In Boston, Mass General Brigham earlier this month stopped screening hospitalized patients without symptoms, a common practice during the pandemic to catch undiagnosed infections before they spread. Hospitals in California, Nebraska and New York have also halted the requirements.
Meanwhile, doctor’s offices and hospitals in Oregon, Virginia and Minnesota have rolled back requirements that patients wear masks in recent weeks, in some cases after states and communities had dropped policies.
“I felt like it was time,” said Christi Siedlecki, a nurse and chief executive of Grants Pass Clinic in southwest Oregon. Under the clinic’s new policy, patients and staff no longer must wear masks, unless they have symptoms suggesting they are sick.
Requirements to mask and test for Covid-19 were a staple of the response to the pandemic, precautions that shaped how many Americans lived during the crisis—and for some, a source of frustration and anger.
The ending of masking and testing requirements at many hospitals and doctors’ offices is another sign of the U.S. moving past measures put in place starting in early 2020 to limit the spread of the virus.
Now, many Americans have immunity from vaccinations and infections, and hospitalizations and deaths have fallen to near new lows in the U.S. The federal government formally ended the public-health emergency on May 11.
Momentum for the moves was growing in recent months as state and local agencies rolled back their own mask requirements and some infectious-disease associations and public-health agencies recommended dialing back precautions, doctors and executives involved in the decisions said.
The changes have sparked pushback from some doctors and infectious-disease specialists, who say keeping the precautions would protect elderly patients with chronic conditions, people with weakened immune systems and others who are vulnerable to infection, especially if new variants emerge.
“We are putting patients at risk,” said Dr. James Lawler, an infectious-disease specialist at the Global Center for Health Security at the University of Nebraska Medical Center.
Lawler said he objected when Nebraska Medicine, a two-hospital system affiliated with the university, loosened its mask requirements last month.
Patients were pressuring the system to loosen its mask policy after other hospitals and clinics stopped requiring them, said Suzanne Nuss, chief nursing officer at Nebraska Medicine, which also includes more than 70 clinics across the state. “That’s not good for business,” she said.
Executives decided to proceed, despite pushback from doctors, based on factors such as lower levels of local infections indicated by wastewater tracking, Nuss said. “We just decided it was time,” she said. Nebraska Medicine didn’t see staff or in-house patient infections rise after the switch, she added.
Other hospitals and clinics said they followed the latest recommendations from public-health experts. The Centers for Disease Control and Prevention in September said widespread masking can be rolled back with less transmission of the virus.

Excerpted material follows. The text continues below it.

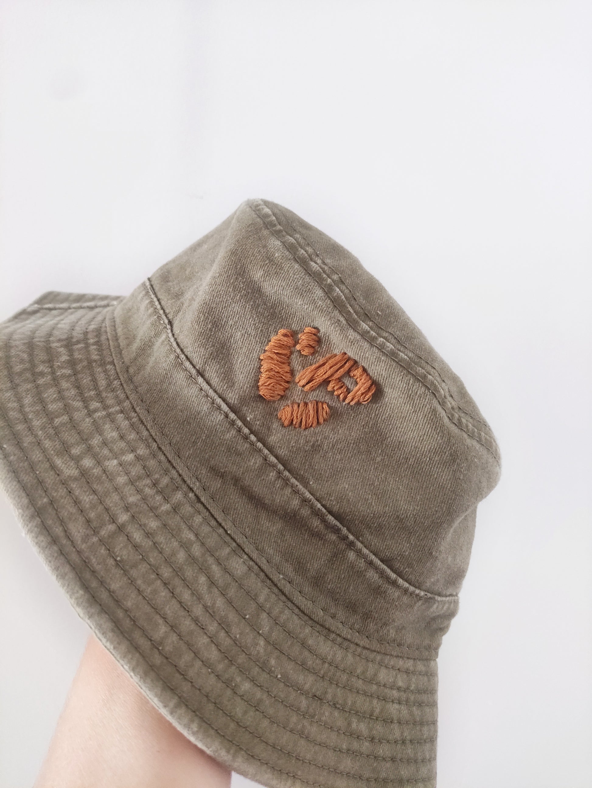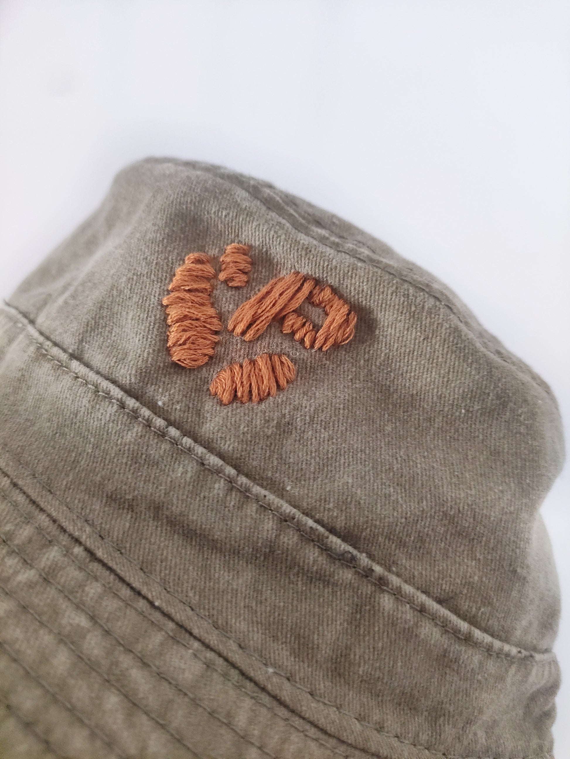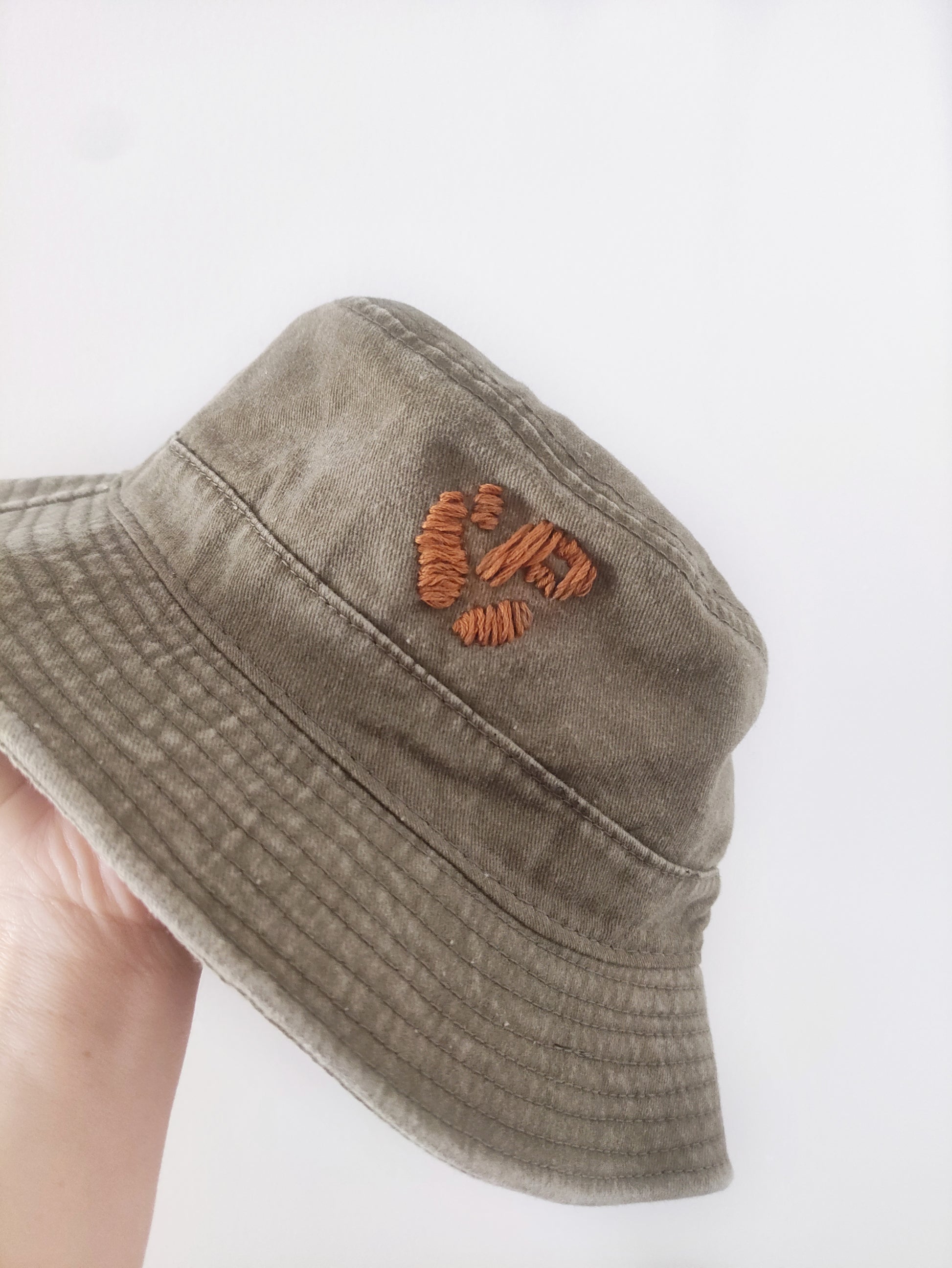 Bob vert olive, avec le « P » de Pépins brodé à la main.

The Society for Healthcare Epidemiology of America, which represents epidemiologists and disease specialists who work in hospitals and healthcare, recommended last December that hospitals stop testing patients who have no Covid-19 symptoms.
The group said costs, treatment delays and strain on laboratories from screening outweigh potential benefits, and hospitals should instead rely on strategies such as proper ventilation and reducing the number of rooms with more than one patient.
Most health experts agree that masking and testing were important precautionary measures early in the pandemic, especially before vaccines and treatments were available.
Three years later, there is limited research on how best to proceed in healthcare settings as the threat level drops, the experts said.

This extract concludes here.